If the defendant, within one week from the date hereof, becomes current in the total sum of her monthly payments up to and including June 1, 1953, by remitting the same to the attorney of the plaintiff, a judgment of no cause of action will be entered. Upon her failure so to do, there will be entered a judgment in favor of the plaintiff in the sum of $570.43, together with attorney’s fees of 5%, and interest from December 1, 1952, on the aforesaid sum of $570.43.”

Our inspection of the exhibits weaves some doubt in our minds that the defendant’s delinquencies were solely attributable to her inexperience and misunderstanding when we observe her written replies to the plaintiff’s premonitory communications in which she expostulated: “Go sit on a tack. If that Gramatan Bank doesn’t stop with the monkey business, they will never get one cent.” “My contract calls for $680, not for $708.12. Furthermore, if you send any more threatening letters, I will not even pay the $680. If the contractor sold the note to some one else that is not my concern. My cousin is a lawyer so yon can save your stationery,” and, “I will pay the rest the first of December, provided you don’t make me any angrier.”

However, it is not our appellate custom lightly to disturb the factual impressions of the trial judge.

We scrutinize more acutely the elements of the judgment. In its essential aspects the judgment has the profile of an arbitrament. It subjugates the terms of the note and mediates a proposed reconciliation between the parties.

The defendant readily availed herself of the afforded means of escape, tendered the arrearages to the plaintiff, which the latter declined to accept, and strangely it is to be noticed that the judgment is one of “no cause of action.”

Counsel for the plaintiff protests that however gracious and. benevolent may have been the purpose of the trial judge, the lawful rights of an acknowledged Iona fide holder of a valid negotiable instrument were prejudicially offended.

We have no doubt about it. The adult defendant’s business inexperience and, in the absence of fraud, her mere misunderstanding of the obligatory terms of a promissory note, are not meritorious defenses. Ignorantia legis neminem excusat. The judgment must be reversed. Incidentally it may be remarked that a reversal of the judgment is not resisted on behalf of the respondent. But, see, Peschek v. Teissere, 30 N. J. Super. 248 (App. Div. 1954).

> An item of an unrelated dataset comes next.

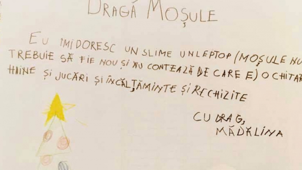 „Dragă Moș Crăciun, Eu sunt Victor și mai am un pic și împlinesc 6 anișori. Vreau să îți spun că am fost cuminte și te-aș ruga dacă poți să îmi aduci un joc cu patrula cățelușilor. Îți mulțumesc Moșule și te aștept cu drag. Victor”. Așa sună una dintre zecile de scrisori strânse de la copiii familiilor sărace din România.

The action is remanded to the Cape May County District Court with directions to enter final judgment in favor of the plaintiff and against the defendant for the balance of the unpaid principal of the note and the attorney’s fee therein specified, together with interest and costs. Relative to the inclusion of the attorney’s fee, see Nash Refrigeration Co., Inc., v. Consolidated Appliance Co., 12 N. J. Misc. 795 (Sup. Ct. approving 15% in 1934); 7 Am. Jur. 869, § 142; 17 A. L. R. 2d 298 et seq.; Citizens National Bank v. Waugh, 4 Cir., 78 F. 2d 325, 100 A. L. R. 939, 947, footnotes.

Reversed.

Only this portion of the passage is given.